For validation of NimbleGen arrays we performed bisulfite pyrosequencing of selected CNTNAP2 regions in 11 human and six chimpanzee DNA samples (Table 1). Assays quantifying the methylation levels of one or several evelutionarily conserved CpGs in the target region were designed with the PyroMark Assay Design 2.0 software (Qiagen). Primers and sequences to analyze are listed in Table S2. PCR amplifications were performed on a Tetrad 2 cycler (BioRad) with an initial denaturation step at 94 °C for 3 min, 35–45 cycles of 94 °C for 30 s, primer-specific annealing temperature for 30 s, 72 °C for 60 s, and a final extension step at 72 °C for 10 min. The reaction mixture consisted of 2.5 µl 10x PCR buffer, 2.5 µl 50 mM MgCl2, 2.5 µl 10 mM dNTP mix, 1.0 µl of each forward and reverse primer, 0.5 µl (2.5 U) Taq DNA polymerase (Roche Diagnostics), 14 µl PCR-grade water, and 100 ng template DNA. Bisulfite pyrosequencing was performed on a PyroMarkTMQ96 MD Pyrosequencing System with the PyroMark Gold Q96 CDT Reagent Kit (Qiagen). Data analysis was done with the Pyro Q-CpG software (Qiagen).

Expression analysis

Aliquots of 500 ng total cortex RNA were reversely transcribed into cDNA using the SuperScriptIII First Stand Synthesis system (Invitrogen). Intron-spanning primers that are specific for transcripts CNTNAP2-001, -201, and -003 (Table S3) were designed using the cDNA sequence in Ensembl (version 61) and the Primer3 (version 0.4.0) program. For interspecific comparisons we relied on previously published reference genes with supposedly stable expression in human and chimpanzee brains. When testing the expression variation of HMBS, EIF2B2, and SDHA with geNORM, only EIF2B2 and SDHA proved to be robust. To minimize batch effects, qPCRs of the three CNTNAP2 transcripts and the two reference genes were performed together with five human and five chimpanzee samples (Table 1) on a RotorGene Q (Qiagen). The reaction mixture consisted of 10.0 µl SsoFast EvaGreen Supermix (BioRad), 7.0 µl PCR grade water, 1.0 µl forward and reverse primer each, and 1.0 µl cDNA template. Amplification was performed with initial denaturation at 98 °C for 2 min, and 40 cycles with 98 °C for 5 s and 55 °C for 20 s. A final melting step was performed from 65 °C to 95 °C with 1 °C increments every 5 s. Data analysis was done with delta-delta c(t) method.

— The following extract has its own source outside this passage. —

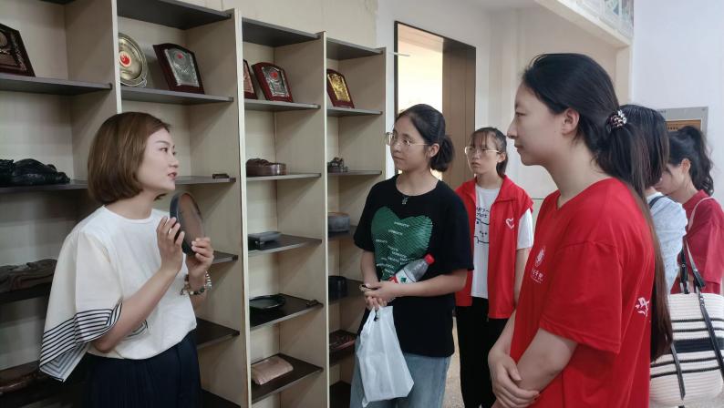 圖為傳承人向調研隊成員講解河洛澄泥硯知識

QUASEP was used to determine the allelic ratios of transcripts CNTNAP2-001, -002, and -003 in human frontal cortex. This method relies on transcribed SNPs to quantify the relative expression of both alleles. First we searched the Ensembl database for SNPs: rs10240503 (minor allel frequency, MAF 0.24) is present in isoform CNTNAP2-001 and -002, rs2530310 (MAF 0.42) in -002 and -003, and rs2717829 (MAF 0.20) in -001 and -003. By Sanger sequencing (Table S4) we identified four informative individuals, which were heterozygous for one or more of these SNPs. QUASEP assays (Table S5) for the three SNPs were designed with the Pyrosequencing Assay Design Software (Biotage). Pyrosequencing was performed as described above.